SERS molecular-ruler based DNA aptamer single-molecule and its application to multi-level optical storage

Abstract Real-time analysis of DNA aptamer conformational changes is essential to understanding the function of DNA aptamers at the single-molecular level. Herein, we design core-satellite nanostructures as surface-enhanced Raman scattering (SERS) molecular-rulers to monitor the change process of single Hg2+ aptamer under dark-field microscopy (DFM-) correlated Raman spectroscopy. Applying the SERS molecular-ruler, the individual Hg2+ aptamer conformational change events triggered by Hg2+ that leads to the stepwise closing of the satellite to the core is continuously monitored by changes in SERS intensity.
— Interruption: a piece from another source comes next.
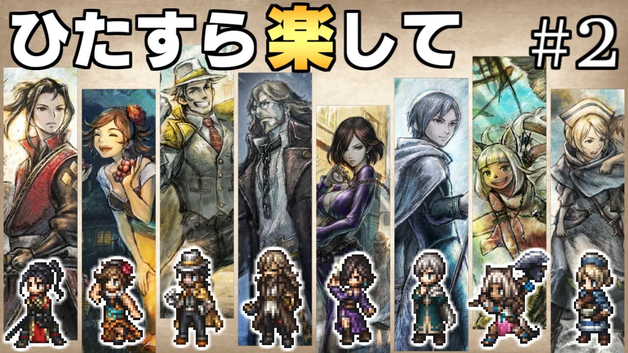 仲間を求めて<br><br>プレイ条件<br>1.最少勝利回数でラスボス&裏ボス撃破<br>2.必須戦闘以外で稼がない(捕獲・集金・盗む)<br>3.道中のアイテムは拾わない(宝箱・隠されたアイテム)<br>4.道中では確率に頼らない(確率系のFC・確率系の一緒に商売禁止)<br>5.傭兵よび・スケジュール交渉・加勢・摩訶不思議の舞・幸運の矢禁止<br>6.編集は頑張らない<br>※申し訳ないがバグ利用は全面的にNG<br><br>次→<a href="https://www.nicovideo.jp/watch/sm42502176" class="watch">sm42502176</a><br>part1→<a href="https://www.nicovideo.jp/watch/sm42436125" class="watch">sm42436125</a><br>再生リスト→<a href="https://www.nicovideo.jp/mylist/75397576" target="_blank" rel="noopener">mylist/75397576</a><br><br>ライブアライブもやってます→<a href="https://www.nicovideo.jp/watch/sm42267427" class="watch">sm42267427</a><br>ひたすら楽してオクトラ1はこちら→<a href="https://www.nicovideo.jp/watch/sm37813793" class="watch">sm37813793</a><br><br>他の挑戦シリーズとか→<a href="https://www.nicovideo.jp/mylist/3220744" target="_blank" rel="noopener">mylist/3220744</a> <br>YouTube版→<a href="https://goo.gl/oey5Y7" target="_blank" rel="noopener nofollow">https://goo.gl/oey5Y7</a><br>ニコニコニュースのインタビュー記事→<a href="https://originalnews.nico/284602" target="_blank" rel="noopener nofollow">https://originalnews.nico/284602</a><br><br>© 2023 SQUARE ENIX CO., LTD. All Rights Reserved.

Moreover, individual Hg2+ aptamer conformational change events are confirmed by in-situ scanning electron microscopy (SEM) and finite difference time-domain (FDTD) calculation. Furthermore, the SERS molecular-ruler is a valid method for studying aptamer intermediate states, the binding sites in aptamer and the kinetics of Hg2+ aptamer configuration change at the single-molecule level. Such findings are promising for exploring the mechanism of DNA aptamer configuration change and providing the fundamental understanding for designing various DNA aptamer based biological applications. For future applications, SERS molecular-ruler has the potential to realize multi-level optical storage and presents a new practical and effective method for designing multi-level storage system.